Some years back, Garriott spent a bundle building a 4,500-square-foot hilltop house outside Austin, complete with dungeons, secret passageways, a moat, an indoor swimming pool with artificial rain effects, an observatory, and, in the backyard, a trampoline and a 1,150-foot-long suspension bridge. Every few years, aided by about 200 volunteers, he spends tens of thousands of dollars on elaborate special effects and opens up the place to kids as a haunted house for Halloween. (He's now building a new house, four times as big.) An amateur scientist, Garriott has tracked gorillas in Rwanda, canoed down the Amazon, hunted for meteorites in Antarctica, flown a MiG jet in Russia, and dived to view the Titanic in a submersible with his girlfriend, personal trainer Heather Smith.

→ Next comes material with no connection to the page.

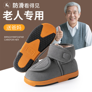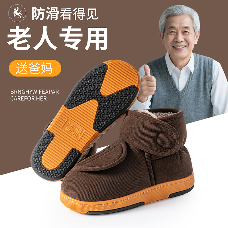 高帮包跟棉拖鞋 男女老人冬加绒保暖家用牛筋厚底防滑中年外穿棉鞋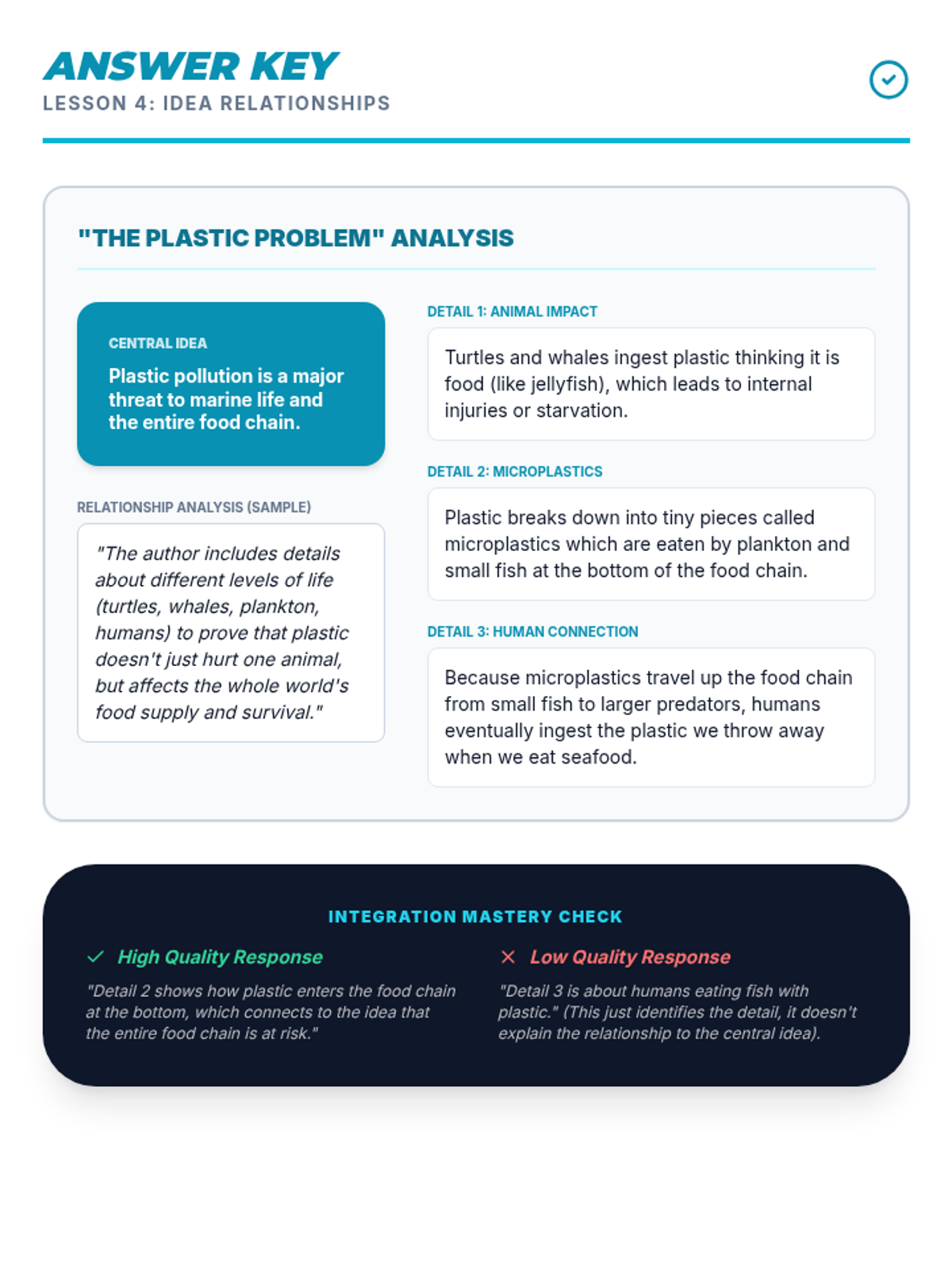Answer key for the Lesson 4 'Idea Relationship Organizer', providing specific detail analysis for all 3 details and guidance on connecting details to central ideas.

His next challenge is to create a virtual world that will appeal to a mass market. That will require first breaking out of the swords-and-sorcery mold. It will mean finding new ways to market and distribute games so that they appeal to nongamers. Most of all, it will require making the worlds both easier to play and less time-consuming -- more like an America Online chat room, say, than UO. That's tricky, Garriott concedes: "One of the hardest skills in our industry is the ability to add depth without adding complexity." In time, though, game developers believe they can design a complex immersive world that welcomes newcomers, much as the World Wide Web and AOL helped attract the masses to the Internet. Edward Lerner, president of Multitude, a game company in San Mateo, Calif., predicts that the use of familiar imagery will start the boom: "The three biggest online game five years from now will be Barbie Online, Star Wars Online, and Star Trek Online." Now there's a concept -- put R2-D2 or Mr. Spock into a virtual world. Millions of fans will surely follow.